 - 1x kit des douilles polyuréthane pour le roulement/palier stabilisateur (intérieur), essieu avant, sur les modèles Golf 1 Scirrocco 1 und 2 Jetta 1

* * *

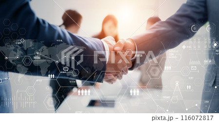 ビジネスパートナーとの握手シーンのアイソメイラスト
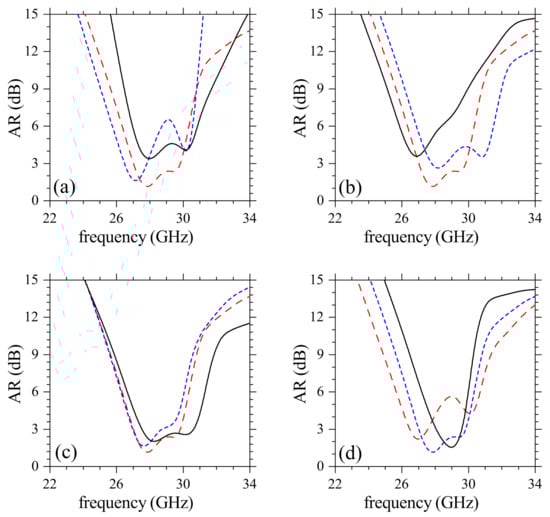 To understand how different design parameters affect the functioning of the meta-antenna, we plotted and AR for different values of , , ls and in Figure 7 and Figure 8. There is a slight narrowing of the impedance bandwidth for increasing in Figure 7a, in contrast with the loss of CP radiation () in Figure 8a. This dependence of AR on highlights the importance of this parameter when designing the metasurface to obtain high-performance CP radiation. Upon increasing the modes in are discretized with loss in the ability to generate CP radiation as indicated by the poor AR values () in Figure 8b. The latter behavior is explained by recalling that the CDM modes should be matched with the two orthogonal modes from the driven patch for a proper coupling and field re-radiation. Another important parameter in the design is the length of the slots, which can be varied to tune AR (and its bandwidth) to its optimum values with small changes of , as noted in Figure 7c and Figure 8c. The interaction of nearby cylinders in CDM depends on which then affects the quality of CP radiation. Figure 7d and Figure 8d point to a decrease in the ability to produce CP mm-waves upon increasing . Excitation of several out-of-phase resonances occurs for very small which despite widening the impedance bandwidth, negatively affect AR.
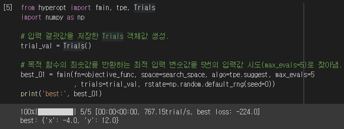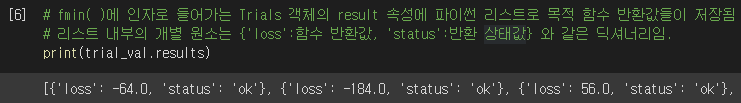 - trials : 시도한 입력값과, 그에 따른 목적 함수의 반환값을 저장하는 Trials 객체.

--

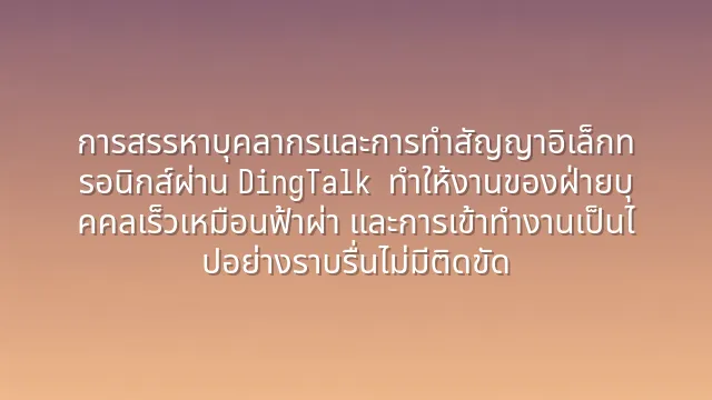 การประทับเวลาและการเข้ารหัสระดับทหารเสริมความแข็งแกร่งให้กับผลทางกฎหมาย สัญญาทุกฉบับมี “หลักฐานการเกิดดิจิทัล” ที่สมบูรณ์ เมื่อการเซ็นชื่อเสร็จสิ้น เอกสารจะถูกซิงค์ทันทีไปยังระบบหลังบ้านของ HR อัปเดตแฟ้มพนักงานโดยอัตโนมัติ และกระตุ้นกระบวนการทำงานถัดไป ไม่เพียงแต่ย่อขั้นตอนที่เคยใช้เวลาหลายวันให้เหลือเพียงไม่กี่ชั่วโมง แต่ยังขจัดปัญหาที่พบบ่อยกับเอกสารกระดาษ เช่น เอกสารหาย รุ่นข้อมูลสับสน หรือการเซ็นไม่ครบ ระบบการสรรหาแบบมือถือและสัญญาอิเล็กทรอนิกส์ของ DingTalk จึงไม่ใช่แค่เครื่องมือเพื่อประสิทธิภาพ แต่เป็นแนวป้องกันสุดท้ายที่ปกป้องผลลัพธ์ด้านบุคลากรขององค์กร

PROBLEM TO SOLVE:
Only one stretch of the data is wanted: write out exactly the lines from the one holding "To understand how" through the one holding "- trials : 시도한", both included, without the pictures.

RESPONSE:
 To understand how different design parameters affect the functioning of the meta-antenna, we plotted and AR for different values of , , ls and in Figure 7 and Figure 8. There is a slight narrowing of the impedance bandwidth for increasing in Figure 7a, in contrast with the loss of CP radiation () in Figure 8a. This dependence of AR on highlights the importance of this parameter when designing the metasurface to obtain high-performance CP radiation. Upon increasing the modes in are discretized with loss in the ability to generate CP radiation as indicated by the poor AR values () in Figure 8b. The latter behavior is explained by recalling that the CDM modes should be matched with the two orthogonal modes from the driven patch for a proper coupling and field re-radiation. Another important parameter in the design is the length of the slots, which can be varied to tune AR (and its bandwidth) to its optimum values with small changes of , as noted in Figure 7c and Figure 8c. The interaction of nearby cylinders in CDM depends on which then affects the quality of CP radiation. Figure 7d and Figure 8d point to a decrease in the ability to produce CP mm-waves upon increasing . Excitation of several out-of-phase resonances occurs for very small which despite widening the impedance bandwidth, negatively affect AR.
 - trials : 시도한 입력값과, 그에 따른 목적 함수의 반환값을 저장하는 Trials 객체.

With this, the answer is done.